Recorded information:
========
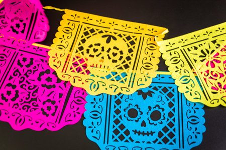 Decorations for traditional Mexican holiday Day of the Dead on a black background.
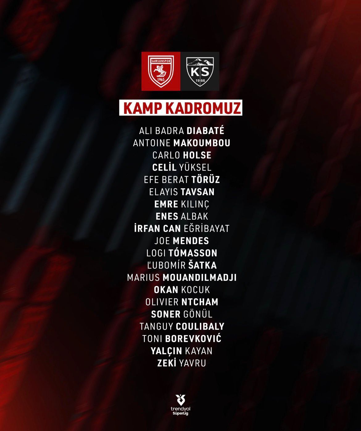 Samsunspor Zecorner Kayserispor ile oynanacak kritik karşılaşma öncesinde kamp kadrosu açıklandı. Teknik heyet, 20 kişilik listeyi belirlerken, kırmızı-beyazlı ekip kendi sahasından galibiyetle ayrılarak hanelerine +3 puanı yazdırmak istiyor.
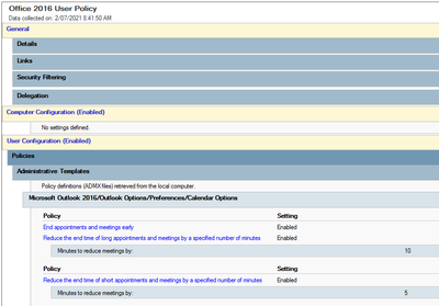 The new version of office changed the name from ending meetings and appointment early to shorten meetings and appointments. Therefore the registry key has changed. If u wanna go with the local gpo then update the admx
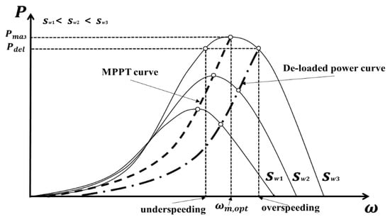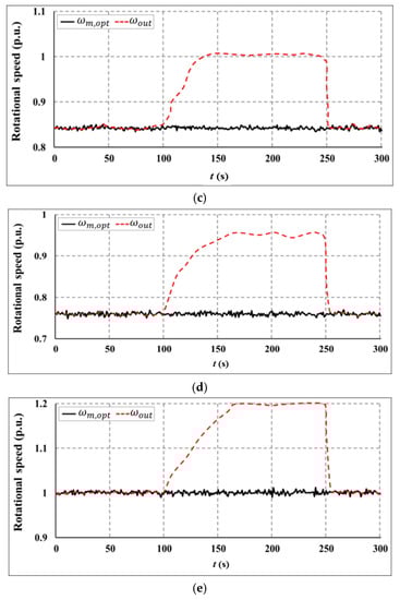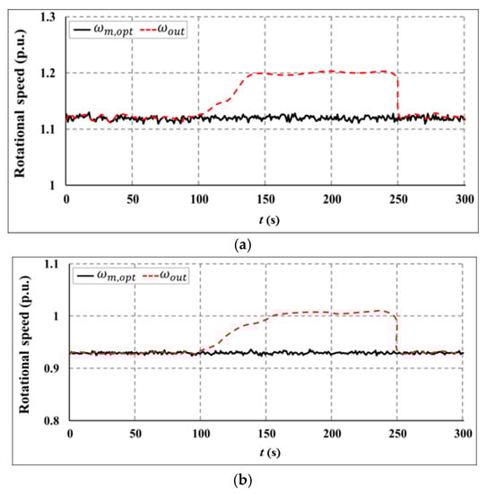When the wind turbines operate at the proposed de-loaded control, the output of the PMSG wind turbine is kept constant according to the de-loaded power reference. Thus, the sum of the de-loaded references of individual wind turbine generators, Pdel,i should be equal to the output of the wind farms according to the output command of the system operator Pref,wf, which sets the output of the wind farm for stable system operation. The minimum possible power is defined in the range that can maintain stable wind power operation for a given wind speed. When a wind turbine is operated in the de-loaded control mode, the rotational speed reference must be determined within the range of constraints. From Equation (25), the minimum rotational speed is limited from the optimal rotational speed in the MPPT control mode, and the maximum rotational speed of all wind turbines is set to the rotational speed reference of pitch angle control.
========
Without including any picture, output all the material exactly as it appears.

 Decorations for traditional Mexican holiday Day of the Dead on a black background.
 Samsunspor Zecorner Kayserispor ile oynanacak kritik karşılaşma öncesinde kamp kadrosu açıklandı. Teknik heyet, 20 kişilik listeyi belirlerken, kırmızı-beyazlı ekip kendi sahasından galibiyetle ayrılarak hanelerine +3 puanı yazdırmak istiyor.
 The new version of office changed the name from ending meetings and appointment early to shorten meetings and appointments. Therefore the registry key has changed. If u wanna go with the local gpo then update the admx
When the wind turbines operate at the proposed de-loaded control, the output of the PMSG wind turbine is kept constant according to the de-loaded power reference. Thus, the sum of the de-loaded references of individual wind turbine generators, Pdel,i should be equal to the output of the wind farms according to the output command of the system operator Pref,wf, which sets the output of the wind farm for stable system operation. The minimum possible power is defined in the range that can maintain stable wind power operation for a given wind speed. When a wind turbine is operated in the de-loaded control mode, the rotational speed reference must be determined within the range of constraints. From Equation (25), the minimum rotational speed is limited from the optimal rotational speed in the MPPT control mode, and the maximum rotational speed of all wind turbines is set to the rotational speed reference of pitch angle control.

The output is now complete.